From mboxrd@z Thu Jan  1 00:00:00 1970
From: Marcin Slusarz <marcin.slusarz@gmail.com>
Subject: Re: [Nouveau] [PATCH] drm/ttm/nouveau: add
	DRM_NOUVEAU_GEM_CPU_PREP_TIMEOUT
Date: Sun, 18 Sep 2011 16:30:04 +0200
Message-ID: <20110918143004.GA8929@joi.lan>
References: <20110918131857.GA3389@joi.lan>
	<20110918135950.GC2815@phenom.ffwll.local>
Mime-Version: 1.0
Content-Type: text/plain; charset="us-ascii"
Content-Transfer-Encoding: 7bit
Return-path: <dri-devel-bounces+sf-dri-devel=m.gmane.org@lists.freedesktop.org>
Content-Disposition: inline
In-Reply-To: <20110918135950.GC2815@phenom.ffwll.local>
List-Unsubscribe: <http://lists.freedesktop.org/mailman/options/dri-devel>,
	<mailto:dri-devel-request@lists.freedesktop.org?subject=unsubscribe>
List-Archive: <http://lists.freedesktop.org/archives/dri-devel>
List-Post: <mailto:dri-devel@lists.freedesktop.org>
List-Help: <mailto:dri-devel-request@lists.freedesktop.org?subject=help>
List-Subscribe: <http://lists.freedesktop.org/mailman/listinfo/dri-devel>,
	<mailto:dri-devel-request@lists.freedesktop.org?subject=subscribe>
Sender: dri-devel-bounces+sf-dri-devel=m.gmane.org@lists.freedesktop.org
Errors-To: dri-devel-bounces+sf-dri-devel=m.gmane.org@lists.freedesktop.org
To: Daniel Vetter <daniel@ffwll.ch>
Cc: nouveau@lists.freedesktop.org, dri-devel@lists.freedesktop.org
List-Id: nouveau.vger.kernel.org

On Sun, Sep 18, 2011 at 03:59:50PM +0200, Daniel Vetter wrote:
> On Sun, Sep 18, 2011 at 03:18:57PM +0200, Marcin Slusarz wrote:
> > Currently DRM_NOUVEAU_GEM_CPU_PREP ioctl is broken WRT handling of signals.
> > 
> > nouveau_gem_ioctl_cpu_prep calls ttm_bo_wait which waits for fence to
> > "signal" or 3 seconds timeout pass.
> > But if it detects pending signal, it returns ERESTARTSYS and goes back
> > to userspace.
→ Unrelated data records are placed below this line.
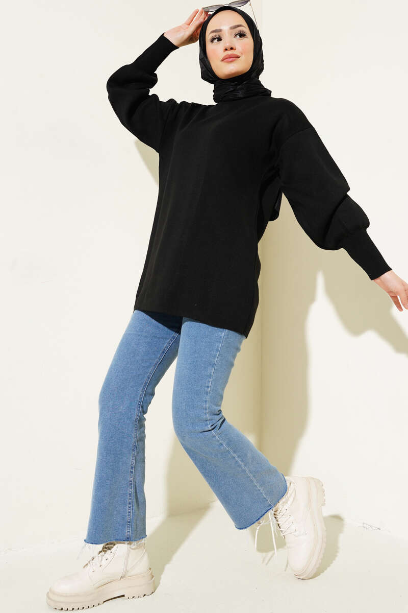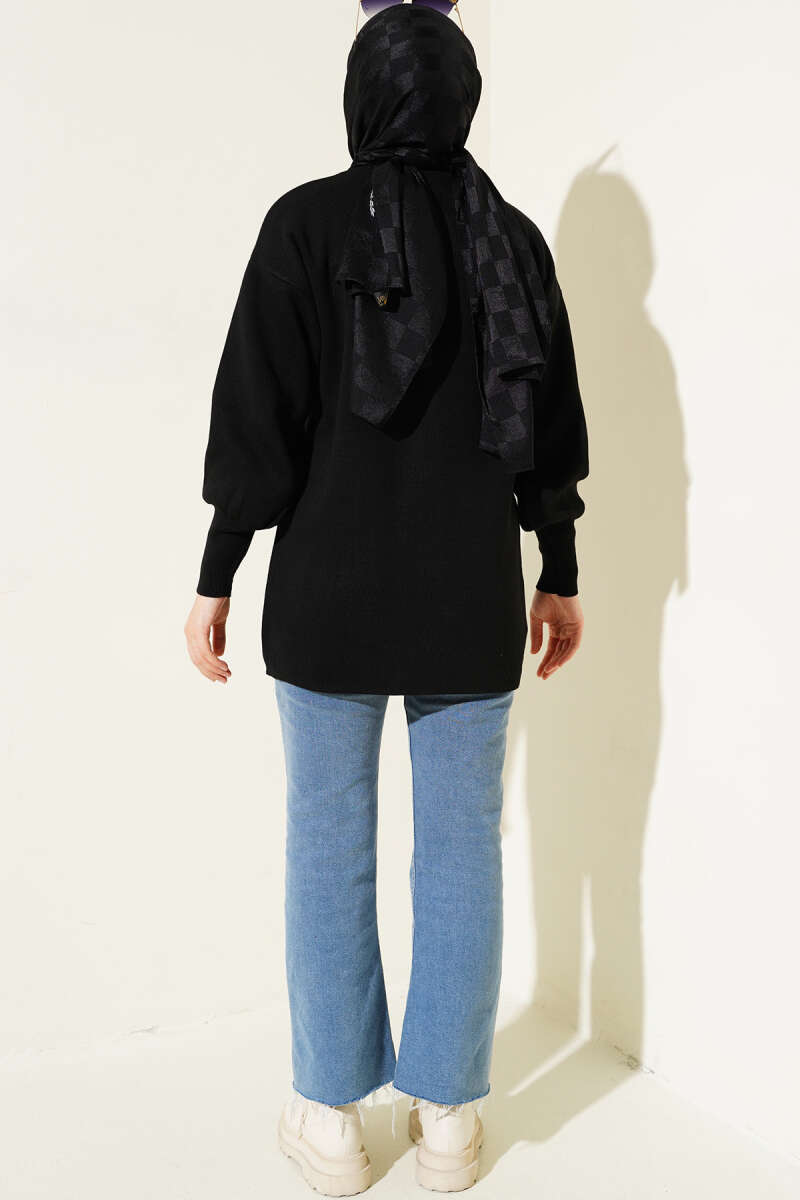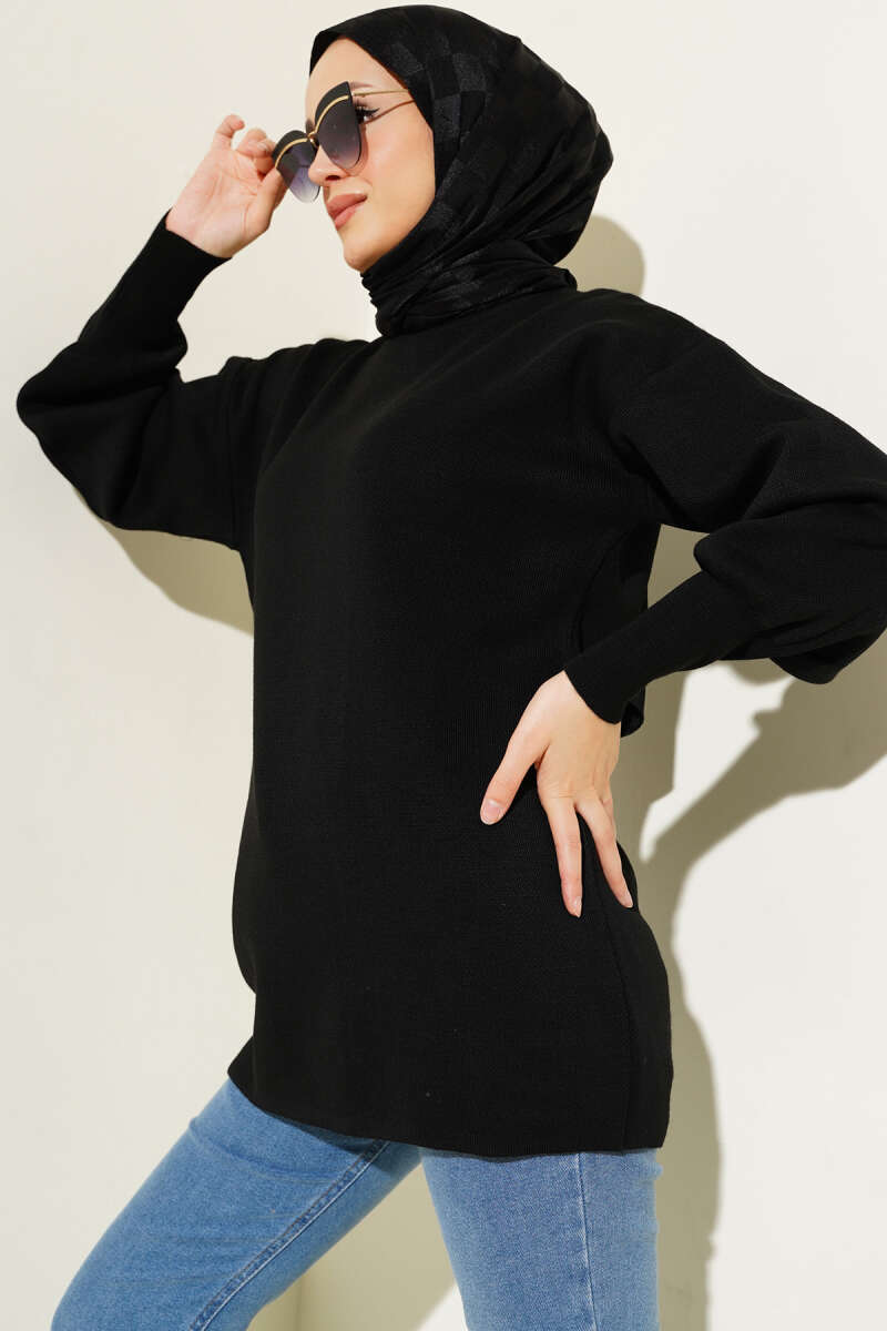 Pötikareli Yanları Büzgü Detay Siyah Tunik
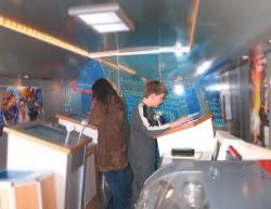 die jungen Gäste im „Infomobil" der bayerischen Metall- und Elektroindustrie vor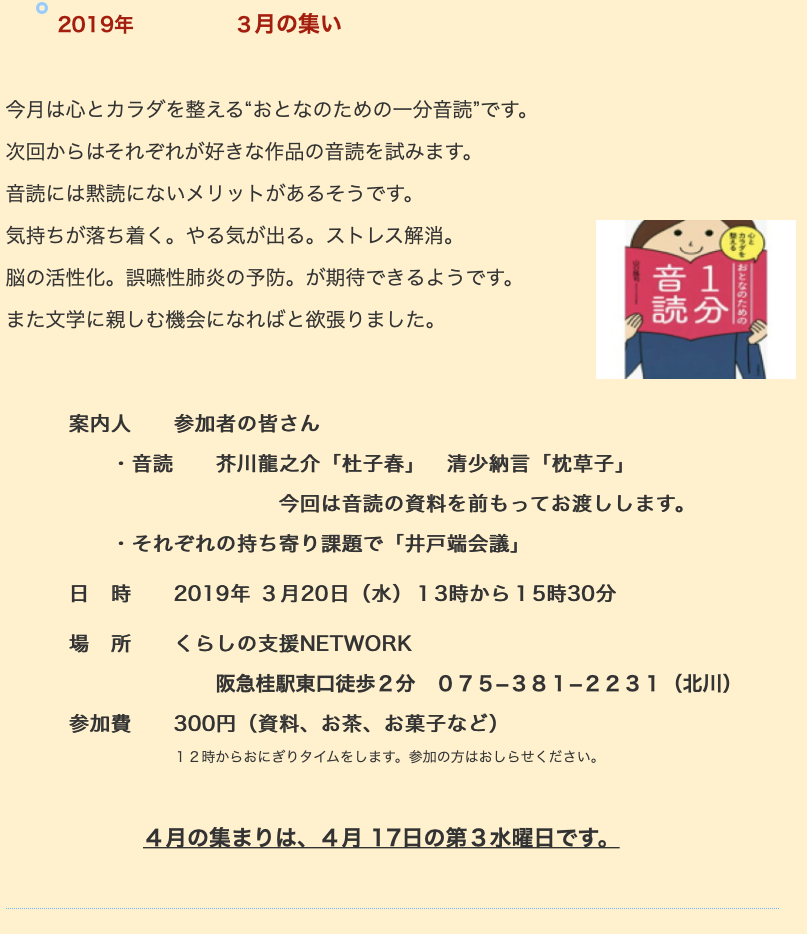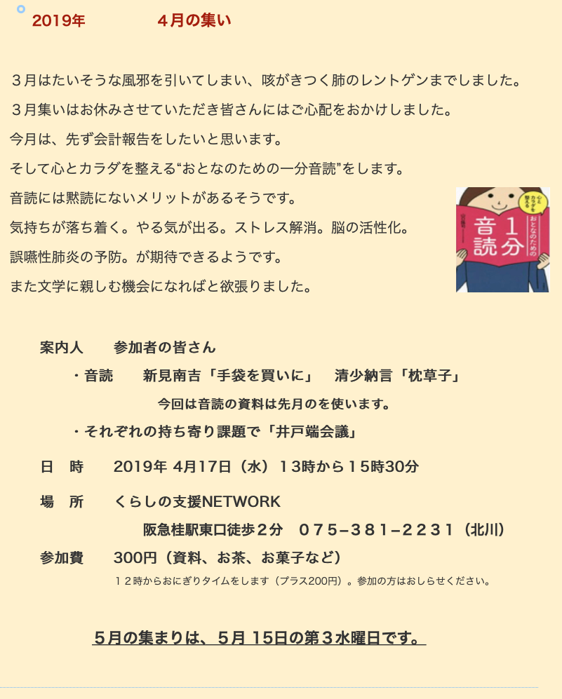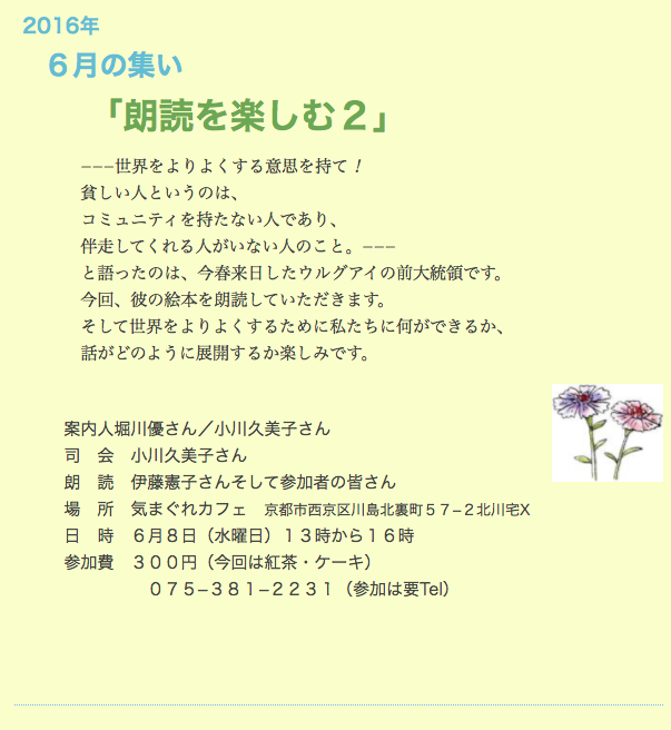 6月も参加者の選んだそれぞれの音読から日頃の課題が引き出されたらと思います。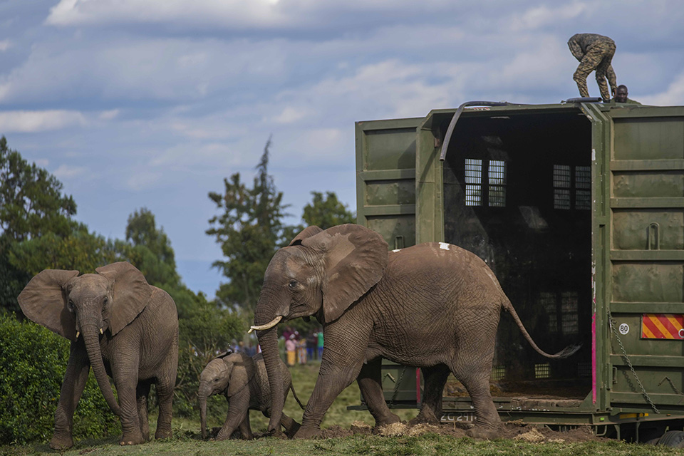 Με φορτηγό με τεράστια κλουβιά έγινε η μεταφορά τους. Η οικογένεια των πέντε ελεφάντων «μετακόμισε» και από εδώ και πέρα θα ζουν στο Εθνικό Πάρκο Aberdare στην Κένυα, μακριά από συρράξεις σε ένα απόλυτα προστατευμένο περιβάλλον.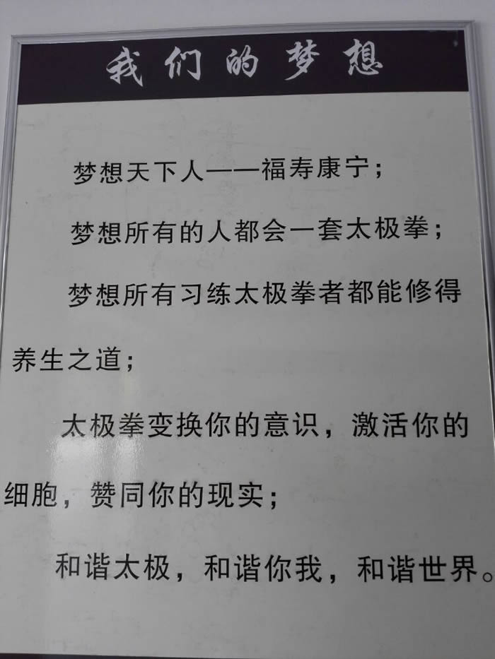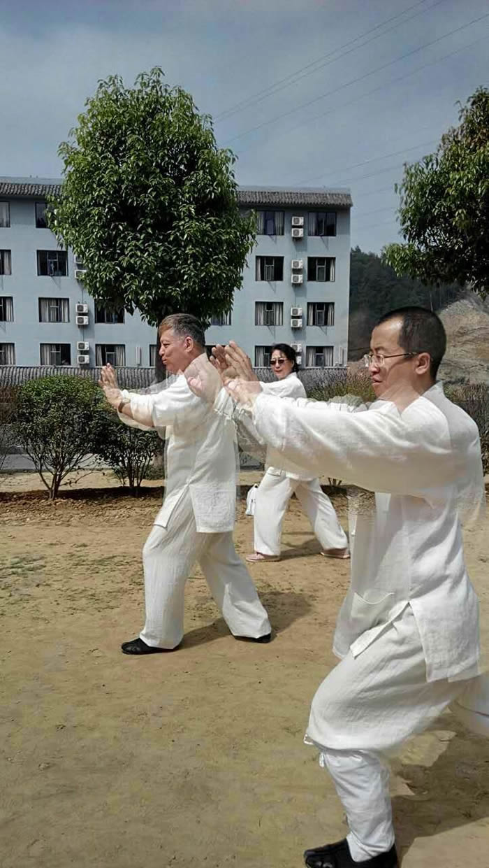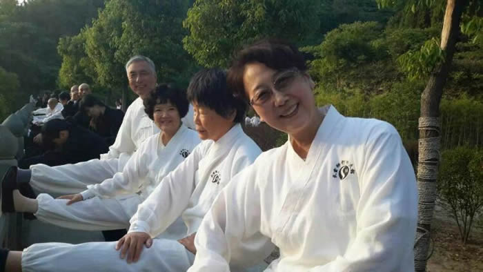 休息时间与胡老师交流。她告诉我们:这期广东的两位学员是因为他们的亲属患癌症后来此学太极拳调理效果显著而来的。还有一位年长者因高血压,糖尿病在此长期学习修炼病情得已控制。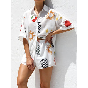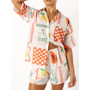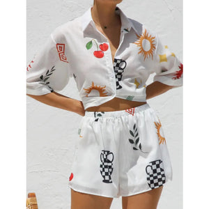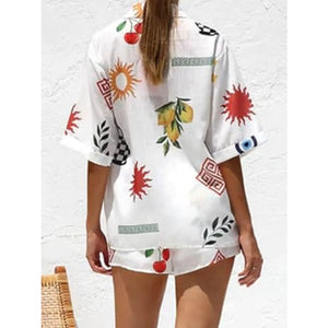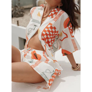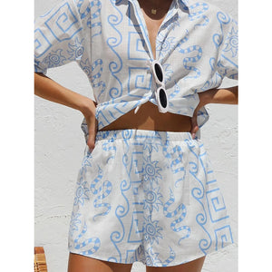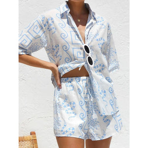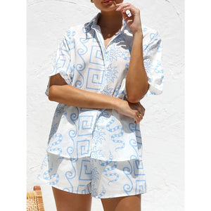 Printed Button Up Top and Shorts Set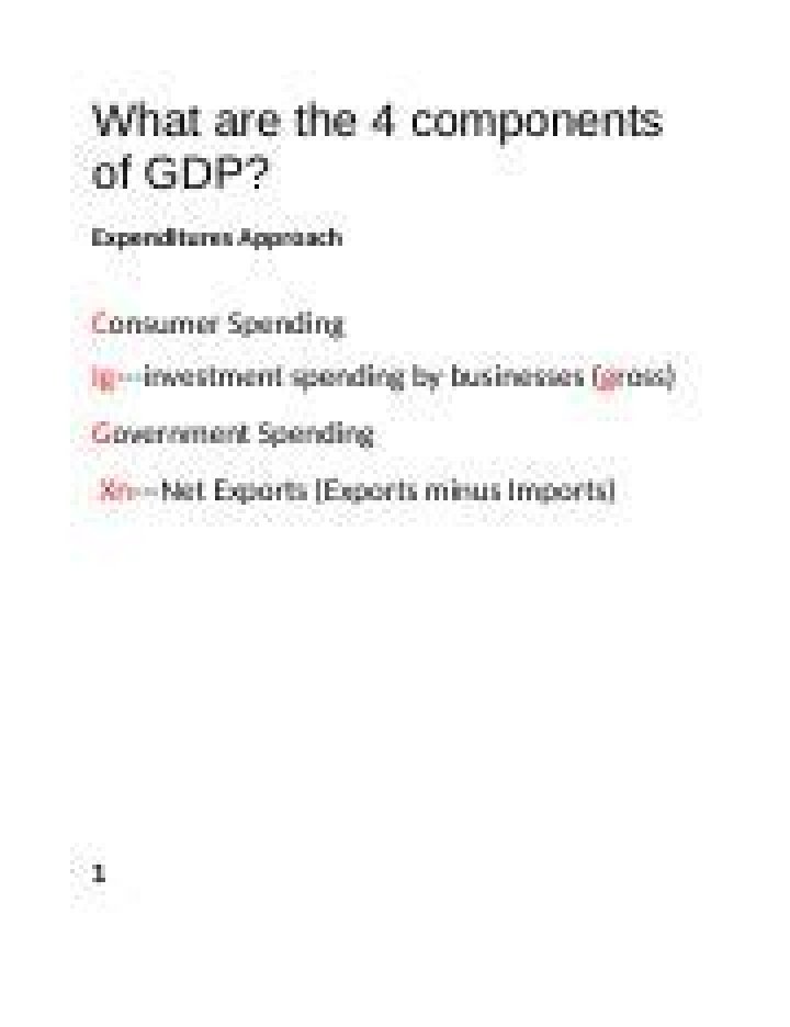 When using the expenditures approach to calculating GDP the components are consumption, investment, government spending, exports, and imports.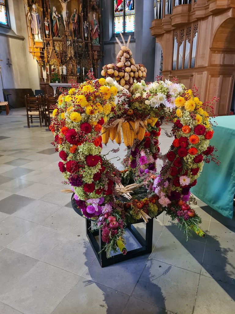 Im Inneren der Kirche schuf die von Agathe geleitete Gruppe eine stimmungsvolle herbstliche Erntedekoration.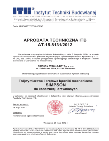 Seria: APROBATY TECHNICZNE Egzemplarz archiwalny APROBATA TECHNICZNA ITB AT-15-8131/2012 Na podstawie rozporządzenia Ministra Infrastruktury z dnia 8 listopada 2004 r. w sprawie aprobat technicznych oraz jednostek organizacyjnych upowaĪnionych do ich wydawania (Dz. U. Nr 249, poz. 2497), w wyniku postĊpowania aprobacyjnego dokonanego w Instytucie Techniki Budowlanej w Warszawie, na wniosek firmy: SIMPSON STRONG-TIE£ Sp. z o.o. ul. Dziaákowa 115A, 02-234 Warszawa stwierdza siĊ przydatnoĞü do stosowania w budownictwie wyrobów pod nazwą: Trójwymiarowe i prĊtowe áączniki mechaniczne SIMPSON do konstrukcji drewnianych w zakresie i na zasadach okreĞlonych w Zaáączniku, który stanowi integralną czĊĞü niniejszej Aprobaty Technicznej ITB. DYREKTOR Instytutu Techniki Budowlanej Termin waĪnoĞci: 28 maja 2017 r. Zaáącznik: Marek KaproĔ Postanowienia ogólne i techniczne Warszawa, 28 maja 2012 r. Aprobata Techniczna ITB AT-15-8131/2012 jest nowelizacją Aprobaty Technicznej ITB AT-15-8131/2009.Dokument Aprobaty Technicznej ITB AT-15-8131/2012 zawiera 39 stron. Tekst tego dokumentu moĪna kopiowaü tylko w caáoĞci. Publikowanie lub upowszechnianie w kaĪdej innej formie fragmentów tekstu Aprobaty Technicznej, wymaga pisemnego uzgodnienia z Instytutem Techniki Budowlanej.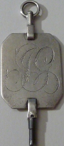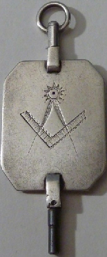 Clé maçonnique avec son équerre et son compas sur une face et deux initiales P et G peut-être.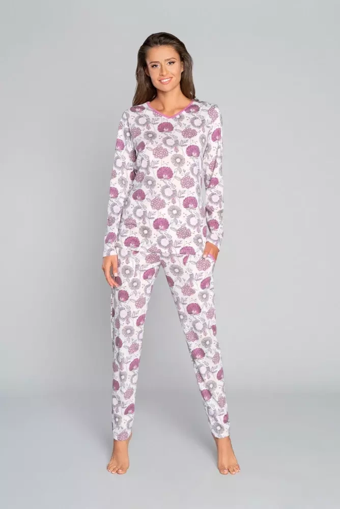 Damen Schlafanzug langarm, Hose Lobelia Italian Fashion -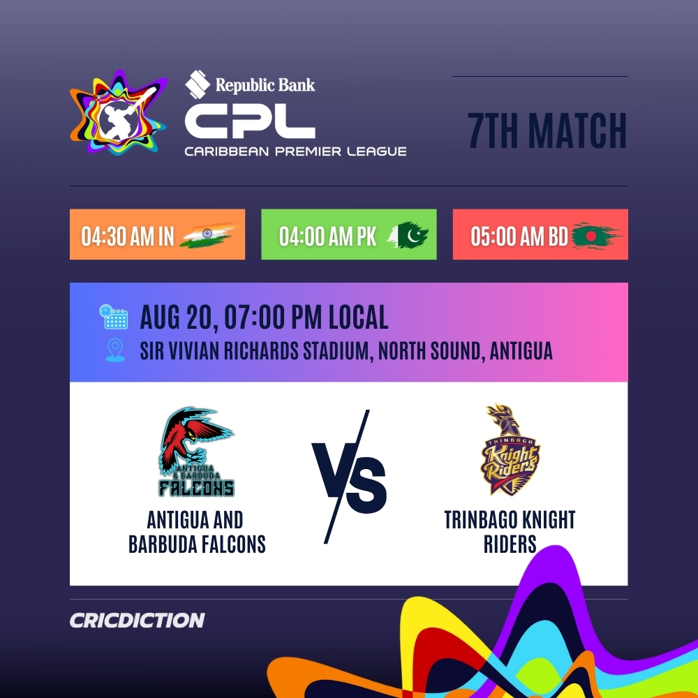 The Caribbean Premier League 2025 is set to witness an exciting clash between Antigua and Barbuda Falcons (ABF) and Trinbago Knight Riders (TKR) in their 7th match at the Sir Vivian Richards Stadium on Wednesday, August 20. Both teams are gearing up to showcase their skills and compete fiercely for a victory.

After signal handler, userspace repeats the same ioctl which
> > starts _new 3 seconds loop_.
> > So when the application relies on signals, some ioctls may never finish
> > from application POV.
> > 
> > There is one important application which does this - Xorg. It uses SIGIO
> > (for input handling) and SIGALARM.
> > 
> > GPU lockups lead to endless ioctl loop which eventually manifests in crash
> > with "[mi] EQ overflowing. The server is probably stuck in an infinite loop."
> > message instead of being propagated to DDX.
> > 
> > The solutions is to add new ioctl NOUVEAU_GEM_CPU_PREP_TIMEOUT with
> > timeout parameter and decrease it on every signal.
> 
> Just fyi: We handle that issue in i915 by returning -EIO when the kernel
> decides that the gpu has died for good and that resetting doesn't help.
> Until then we rely on the ioctl restarting to kick everyone out of kernel
> mode so the reset handler can do its business. If the reset is
> successfull, userspace continues (due to the ioctl being restarted)
> hopefully mostly undisturbed. While the gpu is hung, but not yet reset, we
> stall all ioctls before taking the struct_mutex (see i915_gem_wait_error
> in i915_mutex_lock_interruptible).
> 
> Imo the advantage of that approach is that the kernel utlimately decides
> when the gpu is gone, and userspace (lacking much of the required
> information) must not engage in such guessing-games, too.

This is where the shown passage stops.